Section: Application Domains

Spoken dialog systems

A Spoken Dialogue System (SDS) is a system enabling human people to interact with machines through speech. In contrast with command-and-control systems or question-answering systems that react to a single utterances, SDS build a real interaction over time and try to achieve complex tasks (like hotel booking, appointment scheduling etc.) by gathering pieces of information through several turns of dialogue. To do so, besides the required speech and language processing modules (e.g. speech recognition and synthesis, language understanding and generation), there is a need for a dialogue management module that decides what to say in any situation so as to achieve the goal in the most natural and efficient way, recovering from speech processing errors in a seamless manner.

The dialogue management module is thus taking sequences of decisions to achieve a long-term goal in an unknown, noisy and hard to model environment (since it includes human users). For this reason, we work on machine learning techniques such as reinforcement and imitation learning to optimize this specific sequential decision making under uncertainty problem.
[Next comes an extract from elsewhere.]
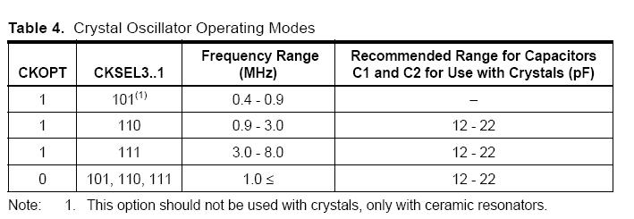 если от 3 до 8Мгц то CKSEL=0111. В моём случае нужно выставить CKSEL=1000. Я правильно понял?

In addition to bring novel and efficient solutions to this problem, we are interested in the new challenges brought to our research in machine learning by this type of application. Indeed, having the human in the learning loop typically requires dealing with non-stationarity, data-efficiency, safety as well as cooperation and imitation.

We collaborate with companies such as Orange Labs on this topic and several projects are ongoing (ANR MaRDi, CHIST-ERA IGLU). We will also be participating to a H2020 project on human robot-interaction starting in 2016 (BabyRobot). We organised a workshop at ICML this year: Machine Learning for Interactive Systems (MLIS). Olivier Pietquin was invited as a panelist at the NIPS Workshop on spoken language understanding and dialogue.